It’s the first I heard about longboarding on trails, too. I’d be interested to learn more about what that’s like.
My brother used to do a lot of longboarding when I was growing up. He was more into doing things on smooth/paved ground as far as I knew. Going down hills was his thing; had a few buddies he’d do it with. I remember he had the road puck gloves for it. I should ask if he still has those lying around in some drawer of his apartment. Scraped his knees and arms plenty of times, occasionally pretty gnarly. Probably broke at least one bone 👀?
I never got into it myself, but it was some cool stuff to see from the side while he was still into it.

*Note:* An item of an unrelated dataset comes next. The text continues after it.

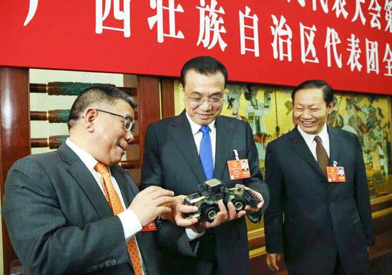 3月6日上午,李克強(qiáng)參加他所在的第十三屆全國人大一次會議廣西代表團(tuán)的分組討論,共同審議政府工作報告。廣西團(tuán)各位代表就經(jīng)濟(jì)社會發(fā)展、對外開放、裝備制造升級、支持鄉(xiāng)村振興等問題先后發(fā)言,代表們還向李克強(qiáng)展示了扶貧進(jìn)展、企業(yè)創(chuàng)新的照片和工程機(jī)械產(chǎn)品模型。李克強(qiáng)指出,要鞏固發(fā)展向好勢頭,必須繼續(xù)依靠改革開放創(chuàng)新。廣西作為西部地區(qū)中唯一的沿海省份,區(qū)位優(yōu)勢明顯,發(fā)展?jié)摿薮蟆R獔远ú灰茢U(kuò)大對外開放,深度融入“一帶一路”建設(shè),深入實施創(chuàng)新驅(qū)動發(fā)展戰(zhàn)略,結(jié)合推進(jìn)“互聯(lián)網(wǎng)+”和“中國制造2025”,提升創(chuàng)新創(chuàng)業(yè)水平和質(zhì)量,大力弘揚工匠精神,推動建設(shè)制造強(qiáng)國,努力在搶占未來競爭制高點中贏得優(yōu)勢。

My outside kitty ran away for 6 weeks and just came back on monday morning! I was getting into a bit of a depressive episode and had started mourning her, so having her back feels great.
Aww that’s so nice to hear
Hooray! Now, when she came back was she happy to see you, or did she just do the cat thing and say “eh, you again”, check out her food dish, and go to bed.
Kinda both lol. She has been very sweet the last few days, moreso than normal, but when she came back I was heading out the door to go to work so I just picked her up, put her inside and left for work (the photo I took is actually from my kitty camera in my living room). She is an old lady kitty though so she sleeps around 14 or so hours a day and doesnt eat a whole ton. Im just glad she is back because her previous caretakers had her declawed and we live on the border of suburbia and rural farms, so lots of coyotes and such linger about
Aww. Very nice that she’s back.
I hear you on coyotes. I’m one house away from their territory and although it’s nice to hear then every night, my fuzzball got out once and I was rightly panicked (he turned up after 2 days… nothing near your ordeal).
Glad she’s home!
Goin’ aight. It was fun last week, but pretty busy for a summer week for me too. I had a friend over while they were in town for the summer, got to see Les Mis while there was a performance in SF, and was unexpectedly enlisted to help another friend practice for their driving test. All a great time, but maybe I’ll get some more time this week to tend to some personal hobbies and projects.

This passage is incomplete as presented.